TASK DIRECTIONS> What the response needs is every record, repeated verbatim, and no images.
------------
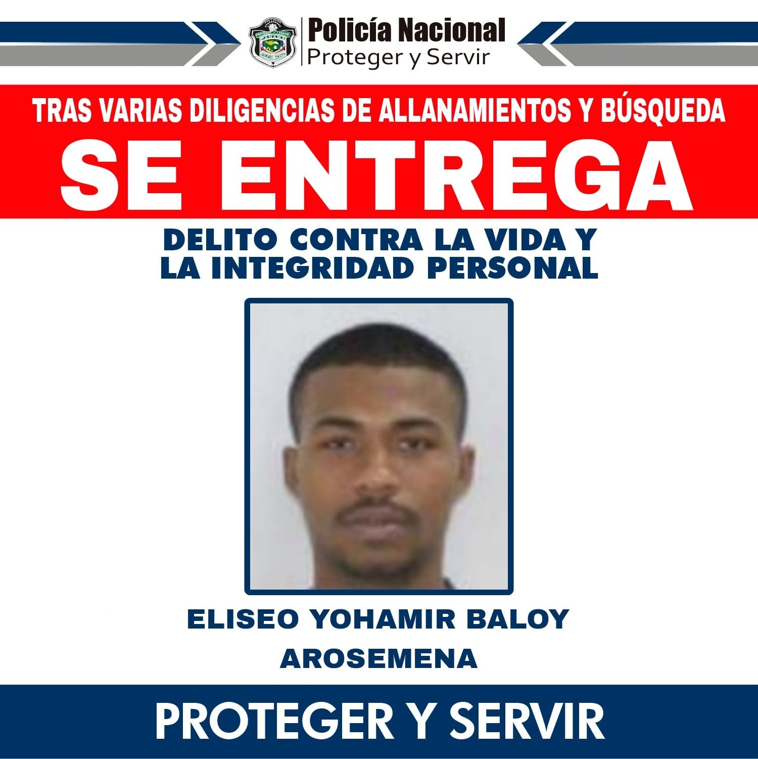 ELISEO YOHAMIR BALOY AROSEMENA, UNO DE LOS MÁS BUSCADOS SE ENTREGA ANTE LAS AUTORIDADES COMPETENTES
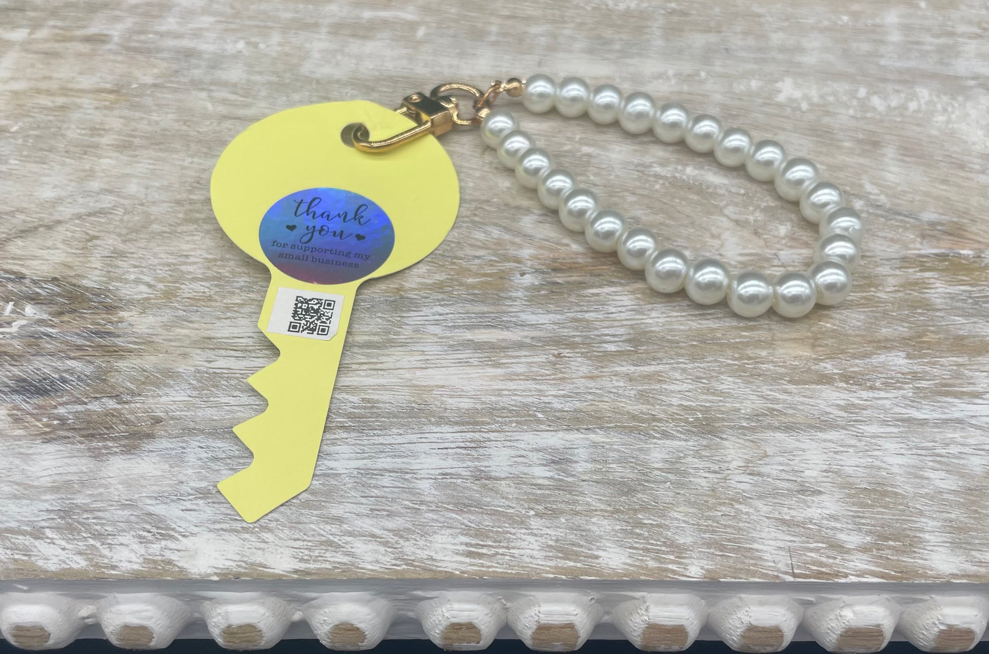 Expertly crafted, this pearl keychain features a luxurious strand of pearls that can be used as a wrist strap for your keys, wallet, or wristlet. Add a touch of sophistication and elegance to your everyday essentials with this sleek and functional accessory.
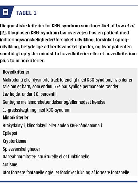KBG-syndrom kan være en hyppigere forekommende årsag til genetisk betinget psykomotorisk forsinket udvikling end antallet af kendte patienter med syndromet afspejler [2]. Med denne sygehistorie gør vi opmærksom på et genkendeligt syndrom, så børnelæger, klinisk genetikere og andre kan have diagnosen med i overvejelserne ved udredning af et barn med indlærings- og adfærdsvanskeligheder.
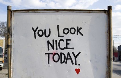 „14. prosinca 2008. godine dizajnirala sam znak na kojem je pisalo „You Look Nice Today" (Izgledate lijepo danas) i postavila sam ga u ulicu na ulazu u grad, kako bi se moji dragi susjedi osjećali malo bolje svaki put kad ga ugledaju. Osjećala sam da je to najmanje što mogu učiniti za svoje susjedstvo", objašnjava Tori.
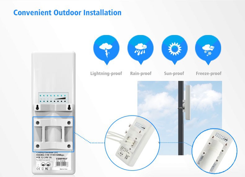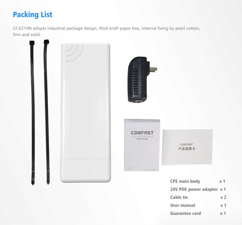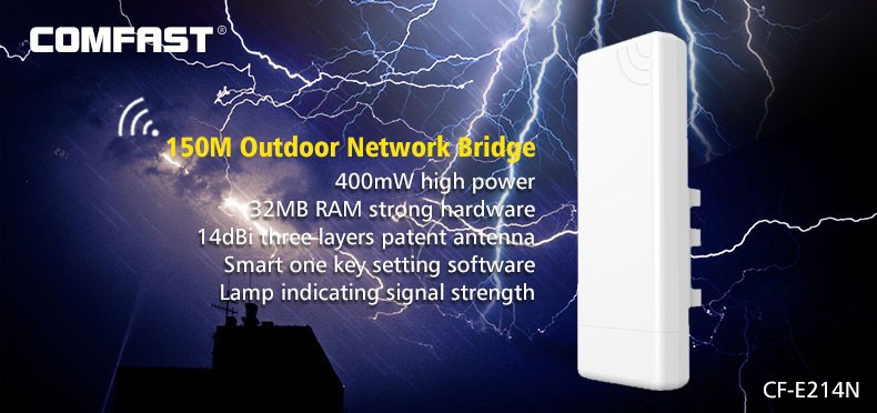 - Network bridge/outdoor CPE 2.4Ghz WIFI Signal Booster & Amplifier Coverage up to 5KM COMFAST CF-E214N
------------
TASK RESPONSE>
 ELISEO YOHAMIR BALOY AROSEMENA, UNO DE LOS MÁS BUSCADOS SE ENTREGA ANTE LAS AUTORIDADES COMPETENTES
 Expertly crafted, this pearl keychain features a luxurious strand of pearls that can be used as a wrist strap for your keys, wallet, or wristlet. Add a touch of sophistication and elegance to your everyday essentials with this sleek and functional accessory.
KBG-syndrom kan være en hyppigere forekommende årsag til genetisk betinget psykomotorisk forsinket udvikling end antallet af kendte patienter med syndromet afspejler [2]. Med denne sygehistorie gør vi opmærksom på et genkendeligt syndrom, så børnelæger, klinisk genetikere og andre kan have diagnosen med i overvejelserne ved udredning af et barn med indlærings- og adfærdsvanskeligheder.
 „14. prosinca 2008. godine dizajnirala sam znak na kojem je pisalo „You Look Nice Today" (Izgledate lijepo danas) i postavila sam ga u ulicu na ulazu u grad, kako bi se moji dragi susjedi osjećali malo bolje svaki put kad ga ugledaju. Osjećala sam da je to najmanje što mogu učiniti za svoje susjedstvo", objašnjava Tori.
 - Network bridge/outdoor CPE 2.4Ghz WIFI Signal Booster & Amplifier Coverage up to 5KM COMFAST CF-E214N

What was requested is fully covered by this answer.